The difficulty of implementing primitive operators just depends on the operator itself; the surrounding framework is extremely lightweight. Here’s the Metropolis transition, for example (with type signatures omitted to keep the noise down):

```
metropolis radial = do
Chain {..} <- get
proposal <- lift (propose radial chainPosition)
let proposalScore = lTarget chainTarget proposal
acceptProb = whenNaN 0
(exp (min 0 (proposalScore - chainScore)))
accept <- lift (MWC.bernoulli acceptProb)
when accept
(put (Chain chainTarget proposalScore proposal chainTunables))
propose radial = traverse perturb where
perturb m = MWC.normal m radial
```

And the excellent pipes library is used to generate a Markov chain:

```
chain radial = loop where
loop state prng = do
next <- lift
(MWC.sample (execStateT (metropolis radial) state) prng)
yield next
loop next prng
```

The `mcmc`

functions are also implemented using pipes. Take the first *n*
iterations of a chain and print them to stdout. That simple.

## Future Work

In the near term I plan on updating some old MCMC implementations I have kicking around on Github (flat-mcmc, lazy-langevin, hnuts) and releasing them within this framework.
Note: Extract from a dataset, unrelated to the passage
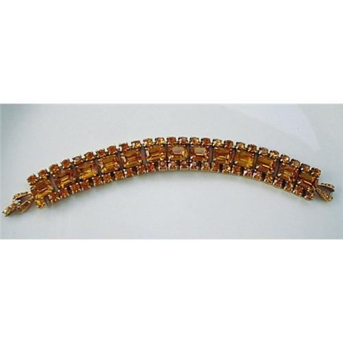 For sale is a STUNNING Vintage Amber Color Rhinestone Bracelet. There are 13 rhinestones that run up the center of the bracelet and 25 smaller rhinestones on each side of the bracelet, making a total of 63 rhinestones. The bracelet is in excellent condition with no missing, dead or discolored stones. The front and back are in excellent condition. There is no wear to the goldtone. All the stones are prong set in goldtone. It has a fold-over clasp that locks securely. The designer Is unknown. How nice it would be to be the proud owner of this beauty!

Additionally I’ve got some code for building annealed operators that I want to release — it has been useful in some situations when sampling from things like the Himmelblau density, which has a few disparate clumps of probability that make it tricky to sample from with conventional algorithms.

This framework is also useful as an inference backend to languages for working with directed graphical models (think BUGS/Stan). The idea here is that you don’t need to specify your target function (typically a posterior density) explicitly: just describe your model and I’ll give you samples from the posterior distribution. A similar version has been put to use around the BayesHive project.

Longer term — I’ll have to see what’s up in terms of demand. There are performance improvements and straightforward extensions to things like parallel tempering, but I’m growing more interested in ‘online’ methods like particle MCMC and friends that are proving useful for inference in more general probabilistic programs (think those expressible by Church and its ilk).

Let me know if you get any use out of these things, or please file an issue if there’s some particular feature you’d like to see supported.

Thanks to Niffe Hermansson for review and helpful comments.